Наследная ведунка

22
18
20
22
24
26
28
30

— Одумайся, дура! Мы теперь свободны! Старуха умерла, но мы-то живы! И у нас есть её магия! Мы можем жить вечно! Вместе, как и мечтали!

Мечтали… А мечтали ли? Или я лишь бездумно повторяла речи ласкового любовника, одержимого манящим колдовством?

Как я хотела бы выполнить его просьбу! Как хотела бы сказать да и заставить любимого восторженно подхватить меня на руки, закружить, покрыть щёки и губы поцелуями…

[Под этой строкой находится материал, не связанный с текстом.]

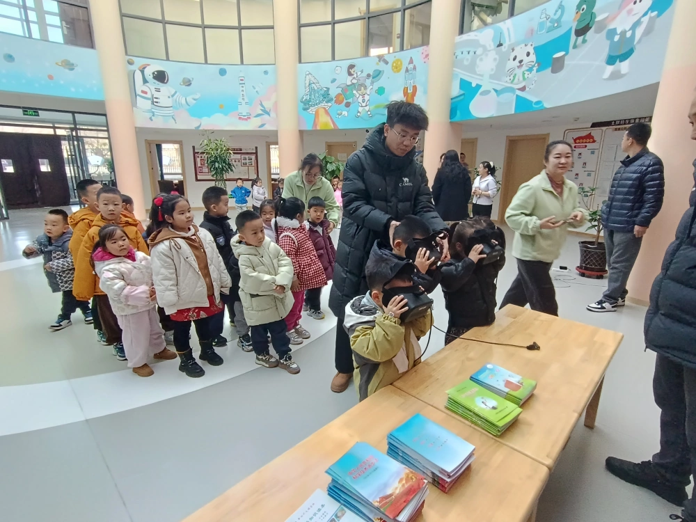 活动现场,土默特左旗科协工作人员结合幼儿认知特点,精心准备了涵盖自然科学、民族团结常识的科普手册,手册以生动图文讲解简单科学原理,穿插各民族友好相处的小故事,让孩子们在阅读中既学知识,又懂团结。最受小朋友欢迎的是VR 眼镜体验环节,在工作人员的指导下,孩子们有序排队,戴上VR眼镜“走进”奇妙的科学世界,探索宇宙奥秘、动植物生长等场景,沉浸式体验激发了强烈的好奇心与探索欲,现场欢声笑语不断。
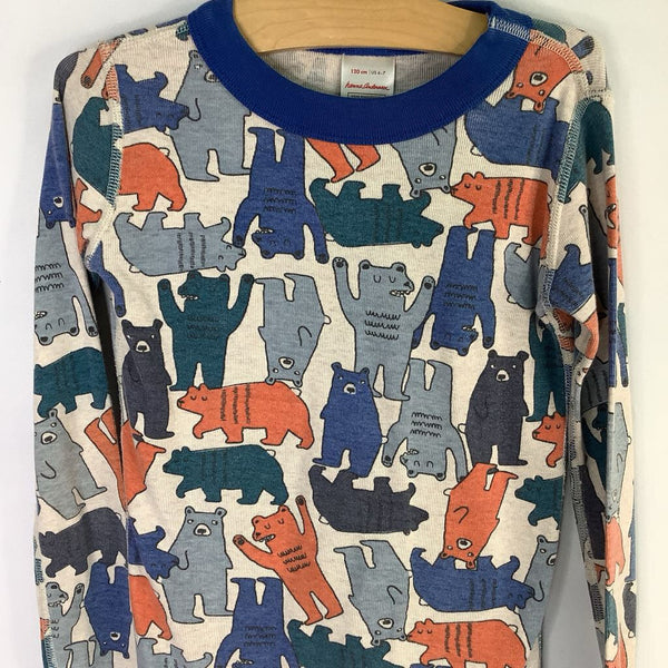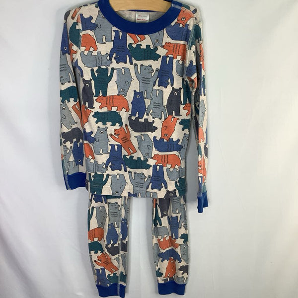 Size 6-7 (120): Hanna Andersson Gray/Multi Bears Organic Cotton 2pc PJs

— Ведунки умирают мучительно. Долго, — голос сипел от затихшего крика, от мольбы не умирать. — До тех пор, пока колдовство не перейдёт к новому телу. И пока молодая ведьма не согласится… — я сглотнула, но пересохшее горло лишь свело спазмом. Я не соглашалась недопустимо долго, не позволяла ей уйти, заставляла мучаться. — Пока не согласится, ведунка продолжит метаться. Не умрёт, пока не расстанется с проклятьем, пока не вольёт его в новое тело. Соседи пытались помочь. Раскрывали окна и двери, прорубили дыру в потолке… А она всё не умирала. Она не умирала два дня, понимаешь? — зарыдать бы, излить хоть немного горя, но глаза, словно посыпанные песком, опухли и не давали влаги. — Она истекала кровью! Всё было в крови, понимаешь? Повязки, простыни, пол… Боги, пятна всё ещё остались на полу! Я приду — а они там, понимаешь?!

Она прожила так долго! Столько веков проходила на земле, ссорясь и мирясь с правителями и жрецами, переживая предателей и наблюдая, как появляются на свет будущие враги и друзья. А умерла от ножа пьяного грабителя. Так мне сказали…

Хотелось кричать. Выть израненной волчицей, но я лишь намотала на ладони чёрные пряди и тянула изо всех сил, пытаясь заглушить боль болью.

Он разомкнул объятия, и я сползла на землю, так и села — ноги не держали.

— Но ты же согласилась? Приняла дар? — обеспокоенный, волнуется. За меня ли? Уж точно не за мёртвую бабуленьку…

Подняла на него глаза.

— Она мучалась и не могла умереть.

— И?!

Алые губы. Болезненные, искусанные, блестящие. Я прошептала:

— Ты ведь не понимаешь…

Он опустился на колени рядом, поцеловал. Шею, плечи, грудь… Стиснул, прижал, как прижимал страстными ночами. Только на этот раз — холодно, как опостылевшую надоедливую жену.

— Понимаю, милая, всё понимаю. Ну давай же, наколдуй. Всё у нас получится! Теперь — получится. Больше ничего не мешает!

Пальцы полезли под рубашку, грубо, настойчиво. Задрали подол, забрались выше колена.

— Я любила тебя больше всего в мире, — до чего же страшно вслух произносить то, что мы оба только что поняли… — А ты любил меня хотя бы мгновение?

— Милая! — пьяный, болезненный поцелуй, а мои губы не шевельнулись в ответ. — Милая, сладкая, нежная! Ну конечно же! — ещё поцелуй, и ещё. Отвратительный, как если бы слизень заполз на обнажённое плечо.

— И больше всего на свете я хотела бы сделать тебя бессмертным. Просто потому, что ты просил.

Он отпихнул меня, вскочил, отбежал, пнул подвернувшийся камень. Тот с едва слышным шелестом скользнуть по расщелине вниз.